Collaborative Research: Elasticity Grand Challenge of the COMPRES Initiative

合作研究：COMRES 计划的弹性大挑战

• 批准号: 0135540
• 负责人: Russell Hemley
• 金额: $ 17.85万
• 依托单位: Carnegie Institution of Washington
• 依托单位国家: 美国
• 项目类别: Continuing Grant
• 财政年份: 2002
• 资助国家: 美国
• 起止时间: 2002-08-15 至 2004-07-31
• 项目状态: 已结题
• 来源: https://www.nsf.gov/awardsearch/showAward?AWD_ID=0135540&HistoricalAwards=false
• 关键词: Collaborative; Research; Elasticity; Grand; Challenge

Hemley0135540Elasticity measurements on minerals are the bridge between the observed seismic velocity structure of the Earth and properties of the Earth at depth, such as chemical composition and temperature. The mineral physics community is poised to undertake a new generation of experiments, which will allow us to accurately determine the properties of deep-Earth materials under a new regime of pressure and temperature (P-T) conditions. We will undertake a coordinated, multi-institutional effort to develop advanced experimental and theoretical techniques for determining sound velocities and elastic moduli on Earth materials. We will build on the current technology that utilizes light scattering and ultrasonic methods and exploit the full use of synchrotron radiation facilities for simultaneous characterization. We will pursue new methodologies utilizing inelastic x-ray scattering or gigahertz ultrasonics to expand the current capabilities. We will closely integrate theoretical approaches with the experimental to ground-truth both. Using multiple techniques, including theoretical calculations, we will focus our efforts on determining the elastic properties of olivine and its high-pressure polymorphs under high P-T conditions, and standard materials for high P-T calibrations (e.g., Pt, Au, MgO, NACI). Samples will be synthesized at a central community facility. The accuracy of each technique will be improved through inter-laboratory cross-checks and comparison with theory. This collaborative approach will greatly advance the technology of high pressure geophysics, and focus a community effort on accurate determination of the elastic properties of the most important mantle phases. These results will, in turn, be used to clarify our view of mantle composition and thermal structure.

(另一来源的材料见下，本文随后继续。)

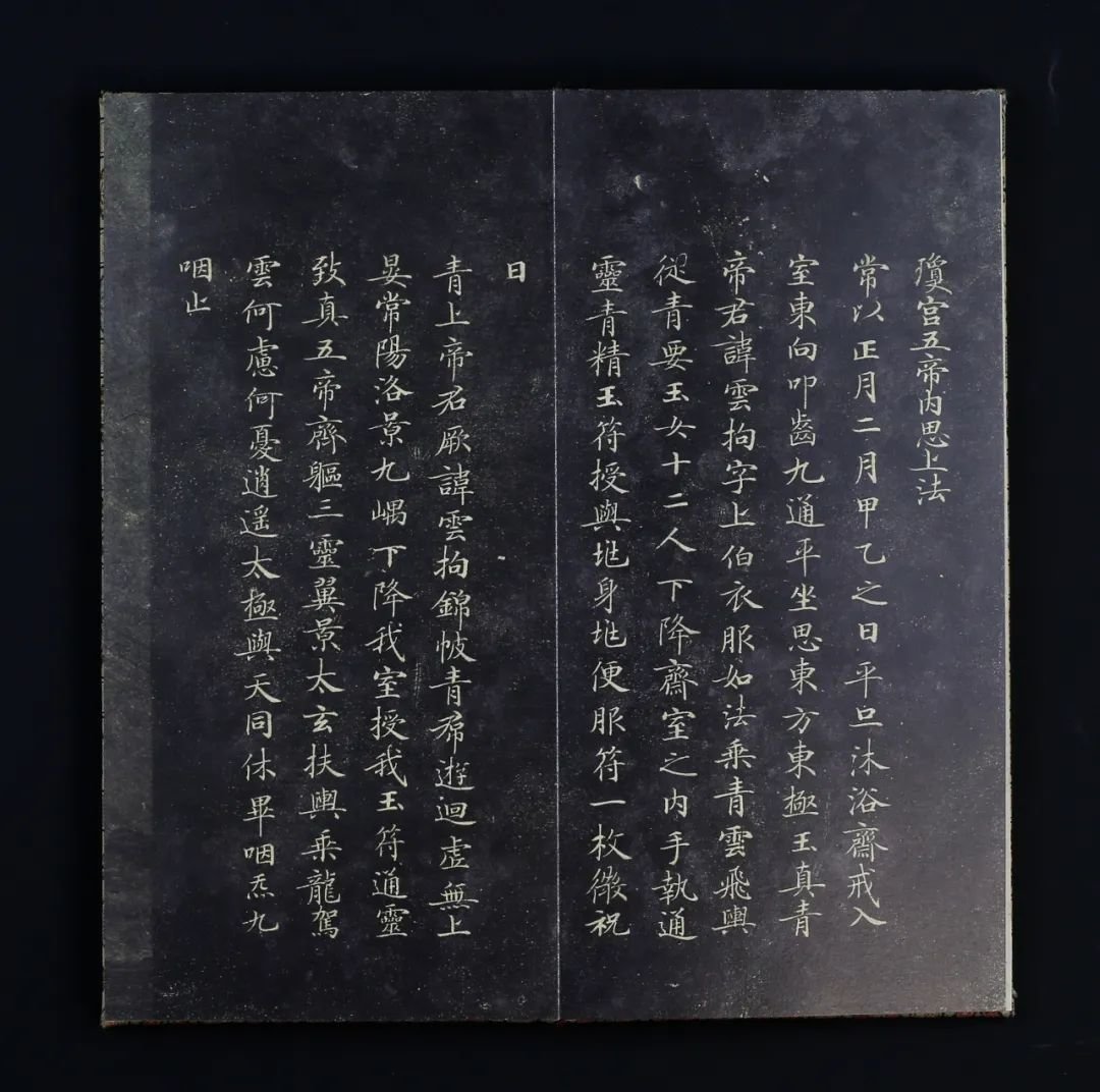 在唐人所书《灵飞经》原貌已不可考知的情况下,仅就《渤海》所刻,并合此四十三墨迹中《渤海》未刻之十二行,是经分为三部分:一为《琼宫五帝内思法》,二为《灵飞六甲内思通灵上法》,三为《上清琼宫阴阳通真祕符》。其内容是传授道家存思五帝及六甲玉女的修炼法门,是道教上清派的一种经典。今收在《正统道藏》中的《上清琼宫灵飞六甲左右上符》《上清宫灵飞六甲录》《洞玄灵宝六甲玉女上宫歌章》三种皆与该经高度相关。论者谓,它们很可能都是源出于自东晋即已流传的《上清素奏丹符灵飞六甲》(参许蔚《唐人写本〈灵飞经〉与〈上清素奏丹符灵飞六甲〉的复原》)。

矿物的弹性测量是观测到的地球的地震速度结构和地球的深度属性（如化学成分和温度）之间的桥梁。矿物物理学界正准备进行新一代的实验，这将使我们能够准确地确定在新的压力和温度（P-T）条件下地球深部材料的特性。我们将采取协调的、多机构的努力，发展先进的实验和理论技术，以确定地球材料的声速和弹性模量。我们将在现有技术的基础上，利用光散射和超声波方法，充分利用同步辐射设备进行同步表征。我们将寻求利用非弹性x射线散射或千兆赫超声波的新方法，以扩大目前的能力。我们将把理论方法与实验方法紧密结合起来，使两者都成为事实。使用多种技术，包括理论计算，我们将集中努力确定橄榄石及其高压多晶体在高P-T条件下的弹性特性，以及高P-T校准的标准材料（例如Pt， Au, MgO， NACI）。样品将在社区中心设施合成。每个技术的准确性将通过实验室间的交叉检查和与理论的比较来提高。这种合作方法将极大地推进高压地球物理技术，并将社区的努力集中在准确确定最重要的地幔相的弹性特性上。这些结果将反过来用于澄清我们对地幔组成和热结构的看法。